Eğer ben şu an Faktöring işi yapıyorsam ve aylık dolar bazında yüzde 1 kazanıyorsam (yıllık bileşik getiri yüzde 12’den fazladır) bu durumda benim alternatif getirimdir. Eğer ben eroin ticareti yapıyorsam aylık dolar bazında yüzde 50 kazanıyorsam “iskonto” oranını yazarken  “i” dediğimiz iskonto oranı yüzde 60’ın üzerine çıkar. Eğer ben gariban bir vatandaş olarak sadece bankanın bana verdiği aylık yüzde 0.20’lik dolar getirisinden başka şekilde değerlendiremiyorsam benim iskonto oranın çok düşük olacaktır.

DOLAYISIYLA herkese göre “i” farklılık gösterir. Bu yüzden tavuğun fiyatı herkese göre değişir. SATAN ile ALANIN arasındaki oluşan fiyat ise, satan ile alanın alternatif getirileridir. SATAN kişinin iskonto oranı yüzde 1 iken ALAN kişinin iskonto oranı yüzde 1 veya altına geliyorsa alım satım gerçekleşecektir.

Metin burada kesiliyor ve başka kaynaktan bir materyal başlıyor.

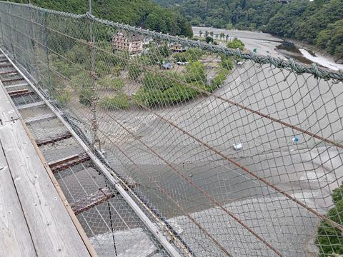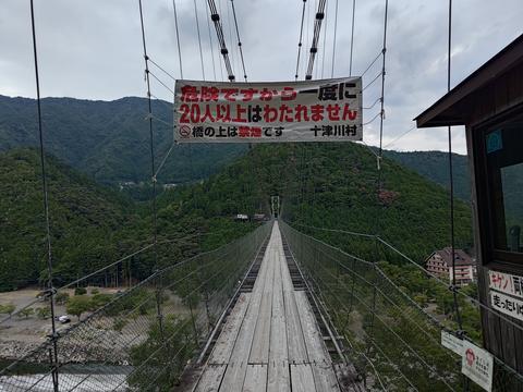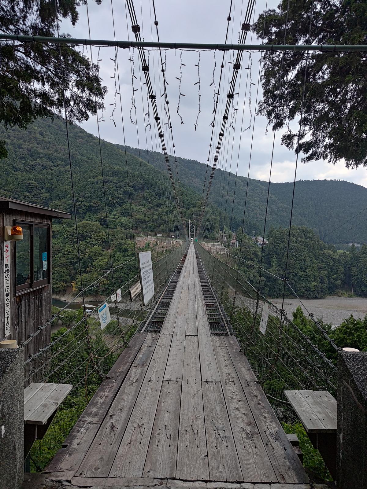 昼の谷瀬の吊り橋 2025/8/8(8か月前) 写真, 奈良, 旅, 近畿 以前谷瀬の吊り橋に来たときは夜だったので,今度は昼に来てみました. 昼なので下の方もよく見えます. 下はキャンプ場で穏やかな光景が広がっています. しかしはるか上にかかる橋にいる方は心穏やかならずです. 今回は逆まで渡り切りました. 茶店がありますがやってませんでした.

Buradan hareketle evladiyelik kağıtlar için yapılacak şey şudur. Her yıl istisnasız karının yüzde 80-90’ını dağıtan şirket altın yumurtlayan tavuk durumdadır. Bir tane hisse başına düşen kar payını yukarıdaki formülde (1500-100) yazan yere koyarsanız, ve her yıl aynı kârı dağıtacağını varsayıp, örneğin en azından yüzde 20 ile iskonto ederseniz (bugünkü şartlarda kabaca bir oran olarak verdim ama herkese göre bu oran değişecektir) en sonunda da 10 yıl sonra bu hisseyi kaçtan satabileceğinize ilişkin bir de varsayım yapar ve formülü uygularsanız almak istediğiniz hissenin olması gereken fiyatınıbulursunuz. Eğer çıkan fiyat piyasa fiyatından düşükse, demek ki piyasa gelecekteki karlara fazla güvenemiyor veya sizden daha düşük kar bekliyordur. hemen almak lazım, eğer yüksek ise, demek ki piyasa daha yüksek kar bekliyordur ve hisseyi daha az riskli buluyordur.

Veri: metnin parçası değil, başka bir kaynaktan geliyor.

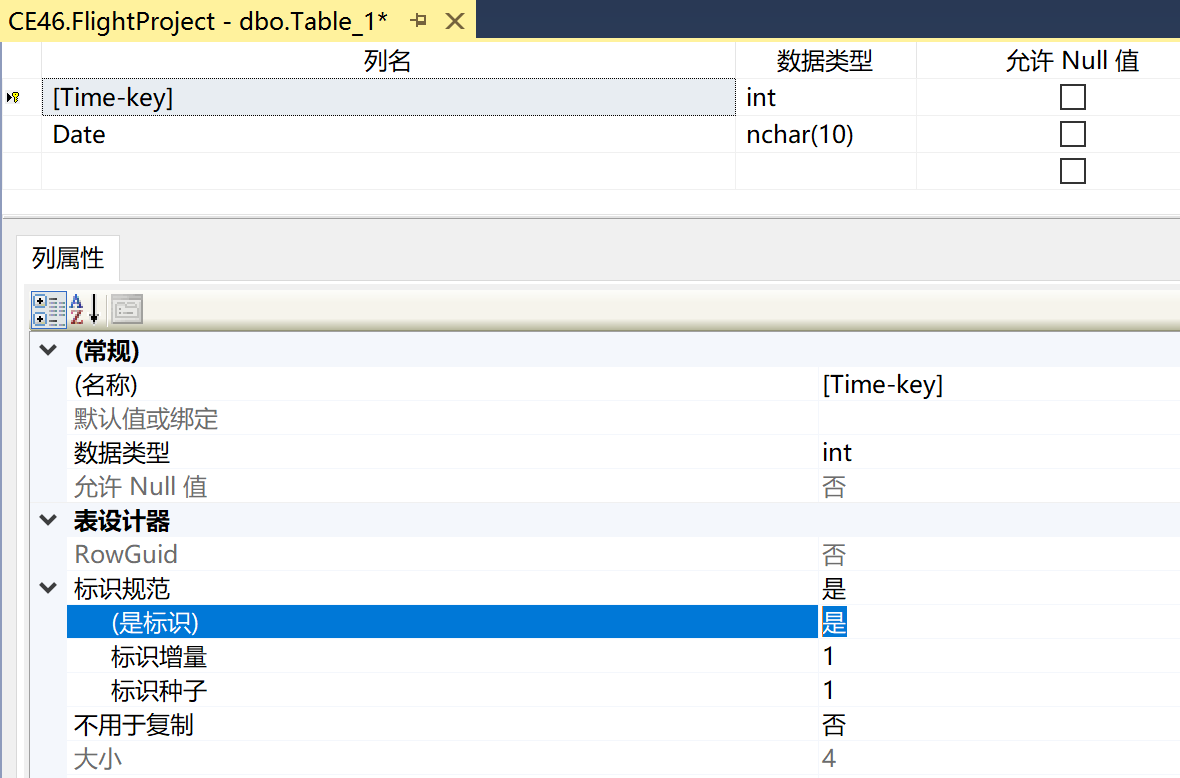 8、为了让主键自增,修改“标识规范”的“(是标识)”为是,回车

Bu konuyu örnekleriyle bir webinar yaparak calıyayında excel’deki hesaplamalar ile sizlere göstereceğim… O zaman kafanıza takılan soruları da sorabilirsiniz…,

ENdekse dönelim…

Endeks şu an 62.500’ü de aşağı kırdı ve devam ediyor. Dolayısıyla 58-60 bin aralığına kadar sürebilecek gerilemeye karşı dikatli olunmalı. Şu an alım yapmak yerine 65 bin yukarı kırılınca alım yapmak daha az risklidir. Kısa vadeli düşünenler için ise, ortam uygun olduğunda ve gerilemenin bittiğini düşündüğümde yine kağıt bazında alım önereceğim…

Bugün başka yorum vermeyeceğim. Sağlıcakla kalınız… WEBINAR saatini ve gününü gelecek haftaki yorumöalrımda bulabilirsiniz…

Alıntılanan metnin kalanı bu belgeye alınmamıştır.